Tour de France : world event or joke?

How will the 2007 Tour de France be remembered? In twenty years time will we look back on this Tour and see it as an exciting, close battle, or as the race where a favourite failed a doping control test and the yellow jersey wearer was kicked out? Can we look back on this 94th edition as the turning point for the sport to clean itself up? Drug controversies are nothing new to the Tour. Right throughout its long history, the race has been tainted by it – take for instance the 1967, 1977, 1988 and 2006 editions. Remember Floyd Landis last year. He lost his yellow jersey too.

Comparing the 'Festina Affair' of 1998 with this year's race highlights, a noticeable change in rider attitude which can give us hope. Both races saw riders protesting – but for different reasons. Following the expulsion of the Festina team, riders felt that the government led police raids were a violation of their human rights.

This year's protest by several teams following Alexandre Vinokourov's positive blood test highlighted that the riders too are getting sick and tired of this issue. And isn't it the riders who can make the biggest difference?

Cofidis' Bradley Wiggins noted that those who have failed tests in recent times were – in general – riders in the twilight of their careers. The British rider is confident that the current young crop of riders coming through – the very future of cycling, have a completely different mindset to doping. Let's hope so.

David Millar isn't quite as positive as Wiggins when discussing the problem. Millar –who served a two year ban himself for using EPO – does believe that cycling is heading in the right direction, but it could take between 'five and ten years' to achieve the objective of a clean sport.

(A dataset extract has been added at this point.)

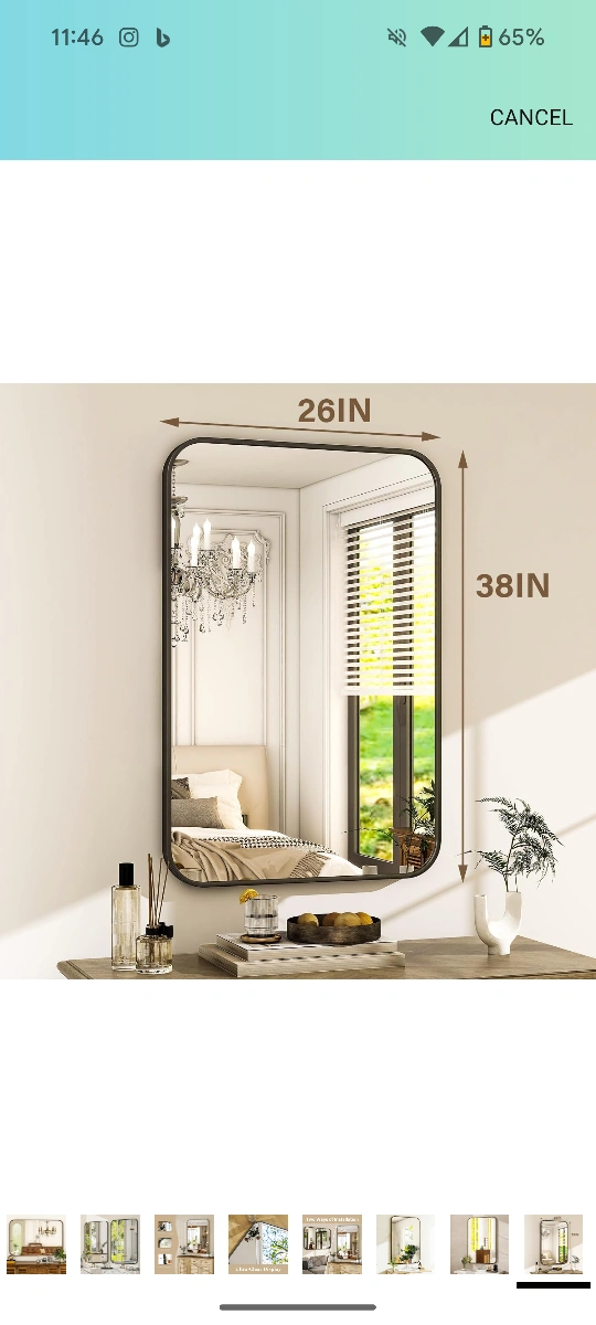 Large mirror. Black frame. Easy installation. Measurements: 26x38

It's obvious that some teams are fed up with the bad publicity the sport is receiving. Professional cycling is big business – teams can employ up to 70 staff, multi-million sponsorship deals fund squads. All of this is jeopardized by those who choose to break the rules. But is suing the answer? Will it stop the cheats? Will it stabilize the sport?

Prior to the start of the Tour, all competing riders had to sign a UCI charter declaring that they would ride clean and not violate any anti-doping rules. Breaking those rules would result in a two year ban and loss of their 2007 annual salary. But it seems the loss of wages and a lengthy ban just isn't enough to stop doping. So what is?

What the doping scandals did reveal in the 2007 Tour was just how bad the relationship is between race organizers ASO, and cycling’s governing body, the UCI.

In a time when all need to unite together in the fight against drugs in cycling, it was very disappointing to see both parties looking to try and score political points off each other. For the sport to clean up its act, strong leadership is required.

Hard to understand is - despite all the scandals -, the Tour seems to gain popularity with the crowd. Strange how a human brain works.

Also in my opinion - for a big event like the Tour - there should be preventive doping tests. Those who fail don't get to race. Simple as that. But that's just my opinion.

There was the rising of a new star in this years tour too. The young Spanish rider Alberto Contador - who won eventually after the kick of Rasmussen - is the young talent to watch for the future. IF he did it "clean" of course. And stays clean.

So do we have reason to be optimistic? I think so. However there is still much work to be done. But maybe in twenty years time we will look back on this year's race and see it as the turning point in winning the battle against drugs. Who knows?